BioConductor

Bioconductor is a collection of R scripts and extensions for analyzing microarray data. There is even a package for Affymetrix chips.

Obtaining Bioconductor

There are two options in getting Bioconductor. First install it yourself on your own computer or use the one on packrat (which you need to get access too).
  • packrat is defunct as of 2007. currently not installed on any of my machines, but that could be remedied. contact KarelSF

Installing R and Bioconductor

First, you need to have R to install Bioconductor. You can get R from CRAN. For Jagaur (MacOSX 10.2) users, I highly recommend using Fink to install R and an X-windows system (I recommend apple's version). Panther (MacOSX 10.3) and Jagaur you can get a binary that uses the Aqua interface. This is fine if you're the only one using it. If you want to use it from X-windows from other machines (like getting a nice dual G5 with 8 GB for a lab), then you need to build it yourself, see the RAqua Developer Page for details. Some of the things you'll need are libreadline, g77, tcltk, teTeX suite (tetex-base from fink), and something to view PDFs (needed to see PDF the documention).

> ./configure --enable-R-shlib --with-blas='-framework vecLib' --with-lapack
> make
> make check (optional)
> make install

For OS X and X11, the path to R might not be there. Therefore, you will need to add /usr/local/bin to your path.

For tcsh:

> setenv PATH ${PATH}:/usr/local/bin

For bash:

> export PATH=$PATH:/usr/sbin/:/usr/local/bin

You might want to add these to your .login or .profile file.

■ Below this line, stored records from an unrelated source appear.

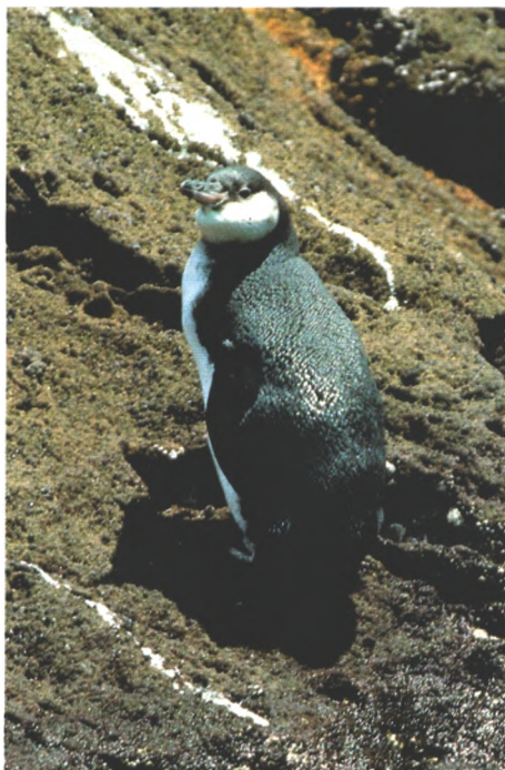
Meister-Schwimmer: Eine Opel-Aktion hilft, den gefährdeten Galapagos-Pinguin zu schützen (Seite 60)

Mit vielen neuen Modellen, die zum Teil auch in Deutschland angeboten werden, startet General Motors ins Jahr 1990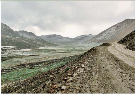
東達山上的群峰淺淺地鋪上了一層雪，嘲笑似地用一種帥氣的姿態居高臨下地凝視我們一路掙扎。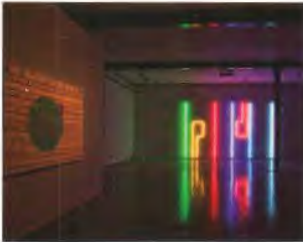
셰자드 다우드 Shezad Dawood

1974년 영국 런던에서 출생했다. 런던 센트럴 세인트 마틴과 영국왕립예술학교에서 수학한 후 리즈 메트로폴리탄 대학에서 박사학위를 받았다. 2006년 런던 아티스트 스튜디오에서 진행된 첫 전시 <Shezad Dawood & Friends>를 포함해 현재까지 25회 이상의 개인전을 개최했으며, 다수의 기획전과 스크리닝에 참여했다. The Abraaj Group Art Prize(2011), Aesthetica Short Film Festival(2015) 등에서 수상했고, 2012년에는 The Jarman Award 최종 후보자 10인에 이름을 올리며 국제적 인지를 공고히 하고 있다.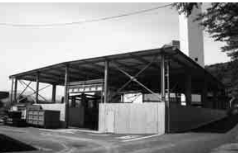
▲リサイクルの拠点施設として整備が進められている クリーンセンター内のリサイクルプラザ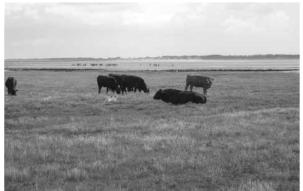
Photo 3. Exemple de marais salés sur le côté est de l'île d'Amrun. Ce type d'environnement est inondé entre 20 et 200 fois par an. En premier plan derrière les bovins, un lit de Limonium vulgare , une plante résistante au sel. En arrière plan, on aperçoit l'île de Foehr. Ces deux îles montrent des témoins de matériel glaciaire, différent du matériel post-glaciaire des îles marécageuses et de Halligen.

groupe de trois îles : Neuwerk (300 ha), Scharhörn (20 ha, dunes de sable), Nigehörn (34 ha, création artificielle), qui se trouvent directement à l'embouchure de l'Elbe près de Cuxhaven. Les sentiers de randonnée y sont nombreux.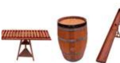
JEUX EN BOIS WESTERN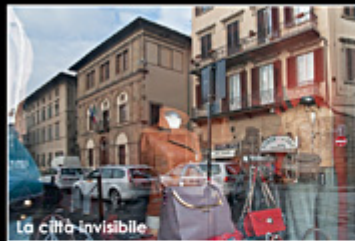
La città invisibile

DAL 15 AL 30 MARZO PRESSO SALA DELLE VETRATE AREA ESPOSITIVA EX-MURATE Giovedì - Venerdì - Sabato dalle 16.00 alle 22.00 Domenica dalle 16.00 alle 20.00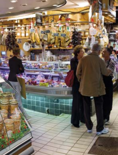
ヴィクトル・ユーゴー市場MARCHÉ VICTOR-HUGO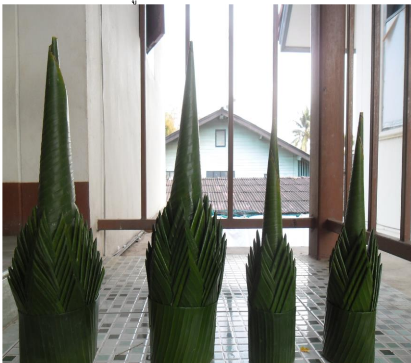
ภาพที่ ๑๔ หมากเบ็ง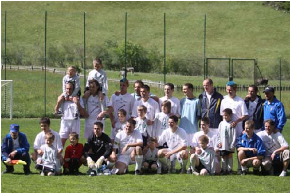
Die „Aufsteiger-Mannschaft“ in die 2. Amateurliga

Nach zweijähriger Abwesenheit kehrt der ASV. Schnals in die 2. Amateurliga zurück !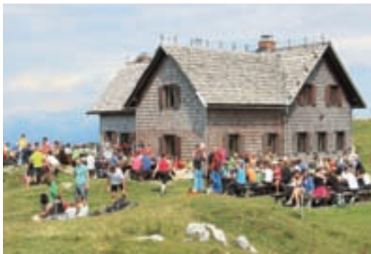
Udeleženci prireditve Ratitovec raja pred Krekovo kočico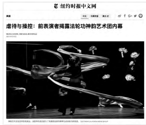
▲《紐約時報》報道「神韻」虐待演員調查文章截圖

基教」（又稱「科學教派」）。（諸多）前舞蹈演員現在正對「神韻」提起虐待起訴，《紐約時報》最近一項調查曝光了「神韻」多起虐待舞蹈演員的案例，這篇題為《虐待與操控：前表演者揭露法輪功神韻藝術團內幕》（Behind the Pageantry of Shen Yun, Untreated Injuries and Emotional Abuse）的文章可以在互聯網上找到。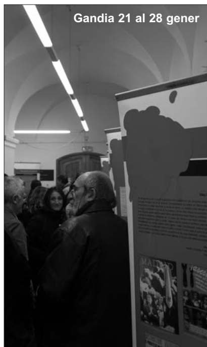
Gandia 21 al 28 gener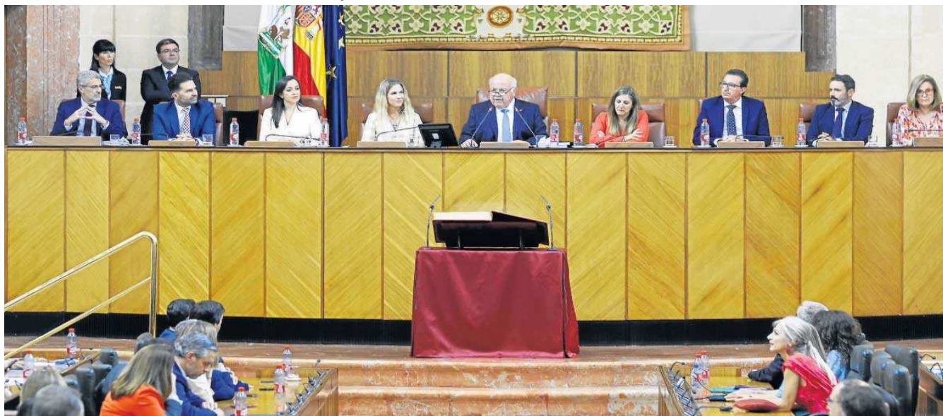
La nueva Mesa del Parlamento andaluz, ayer recién constituida.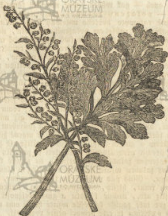
(P e l j n ě t.)

ulewy horší se. Proti trvavým křečím u dětí a mladých autlych často již dobře posloužil. A tomuto účelu pozdě na podzim se musí sbírat, když se gen ošlepari, nikoli však myti. A.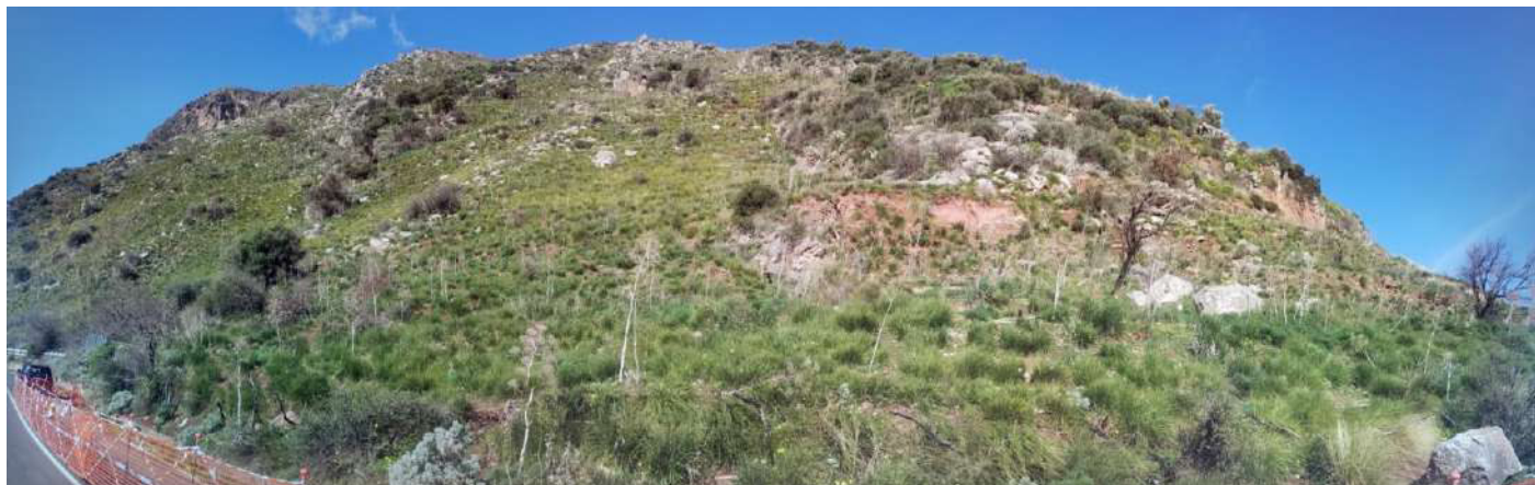
Foto 1. Panoramica versante

Nel corso del sopralluogo del 29/02/2024 si è effettivamente constatato che il versante a monte della sede stradale è caratterizzato da diversi fronti rocciosi, posti a varia quota, che rappresentano aree sorgenti di crollo, così come evidenziato dalle foto successive. Ciò testimoniato dalla presenza di diversi blocchi, già staccatisi, distribuiti lungo tutto il versante anche a valle della strada provinciale.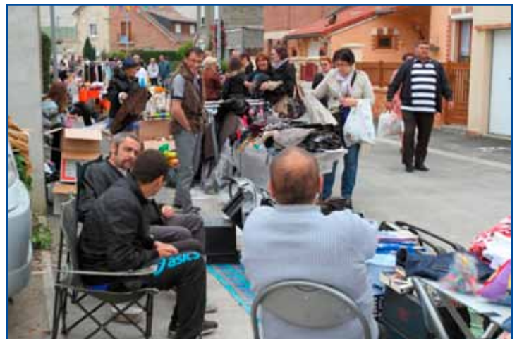
Brocante et animations à la cité du Cambrésis, 1 er juin.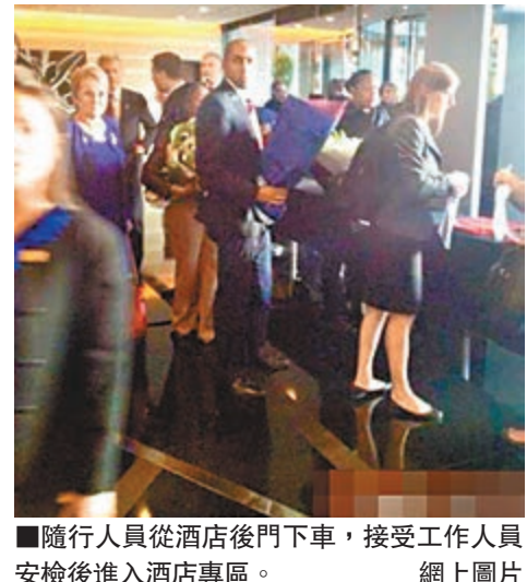
隨行人員從酒店後門下車，接受工作人員安檢後進入酒店專區。

3月20日：米歇爾攜兩位女兒和母親抵達北京。 3月21日：彭麗媛將陪同米歇爾走訪一所中學，強調教育的重要意義，隨後陪同米歇爾參觀故宮。兩位夫人還會共進私人晚餐並觀看演出。 3月22日：米歇爾將在北京大學斯坦福中心發表演講，與中美留學生見面，探討留學議題以及科技在文化交流中發揮的重要作用。她還將參觀頤和園，並與美國駐華大使館工作人員見面。 3月23日：米歇爾將在北京舉辦教育圓桌會議並參觀長城。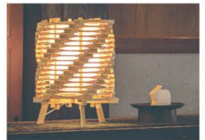
■ オリジナルの木製照明「Uzu(うず)」

吉岡町の展示場では、同社の家づくりを体感することができる。熟練した職人による、繊細な技術を要する造作家具なども一見の価値があり、特許庁から意匠登録された木製照明も展示販売している。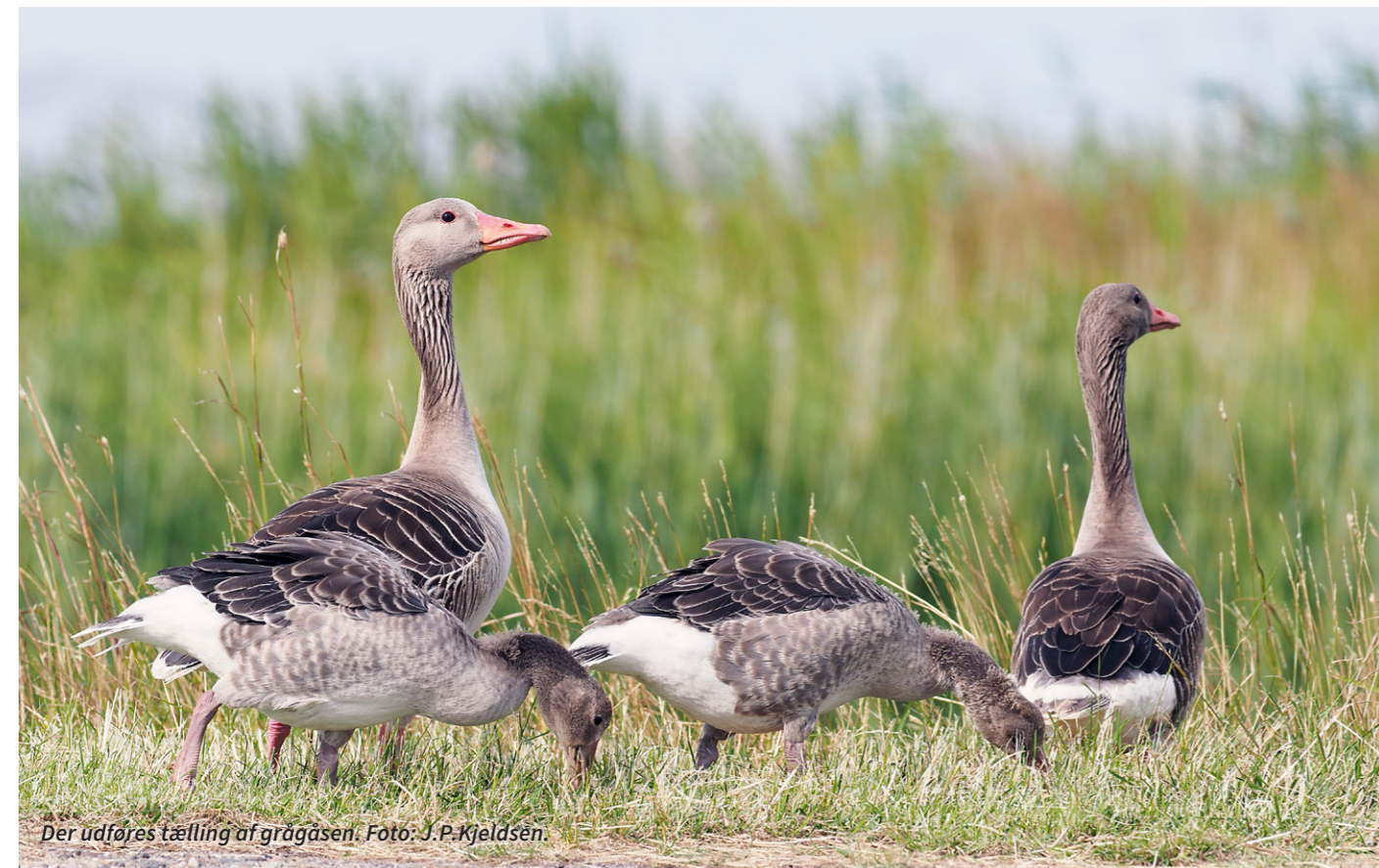
Der udføres tælling af grågåsen.

standsmål, og begge enheder skal forvaltes som selvstændige enheder. Bestandsmålet for den trækkende enhed er 70.000 ynglepar og 80.000 ynglepar for enheden bestående af standfugle. Som redskab til at stabilisere bestanden vil man bruge enten jagt eller regulering, som der kan skrues op eller ned for, afhængigt af hvordan bestanden reagerer.

Now you need to get Bioconductor. There is a script that you need to run and it will take a few minutes (remember, if you didn't install R you might need to have admin access to do this, see below).

sudo R
>source("getBioC.R")
>getBioC()
>q()    ## remember to quit, you are root now!

You can also try this:

sudo R
>source("http://www.bioconductor.org/getBioC.R")
>getBioC("affy","release") 
>q()

Adding CDFs to Bioconductor

In order to use the affy package with affymetrix array, you need to load in the CDF files that correspond to your chips.

Downloading cdf packages

The easy way it to get them from cdfenvs. Download the files and extract them. You then can permanently load the package into R by typing:
sudo R INSTALL celeganscdf

Making your own cdf package

If you have a custom chip or it is to new, you will need to make your own package. You need the disk that came with your chips (or grab it off of the array computer). Next, make sure you have the makecdfpackage (this is in development at this time) at http://www.bioconductor.org/repository/devel/package/html/index.html
1-get the package
2-install it by typing sudo R INSTALL makecdenv
3-then in R load it by typing library(makecdfname)
4-then try
 pname <- cleancdfname(whatcdf("C_elegans.CEL"))
 make.cdf.package("Celegans.CDF", packagename=pname)
5-finish up by installing your new package by typing sudo R INSTALL celeganscdf

Using R and bioconductor to analysis chips

R is a complex (to me) and powerfull system. Check out the many help sites like: http://cran.r-project.org/other-docs.html

Getting Started

You just need the .CEL files for each chips you want to analysis in the current working directory. You can easily do this by starting R in that directory or while in R:
>setwd("mycells/")

Next, you need to load the affy library

>library(affy)

To get help:

>?setwd

If you want to quit:

>q()
Save workspace image? [y/n/c]:  

Ansering 'y' above will save all your objects (that would be any CEL files you read in) to an invisible file under you home directory. This saves you time from retyping in and waiting for any processing that you did, however, it saves this. So, you will have a copy of all your very big CEL files and other data.

How to get expression values from your samples

For the affy library, CELs are loaded into an AffyBatch object, which contains both the PM and MM probe pairs.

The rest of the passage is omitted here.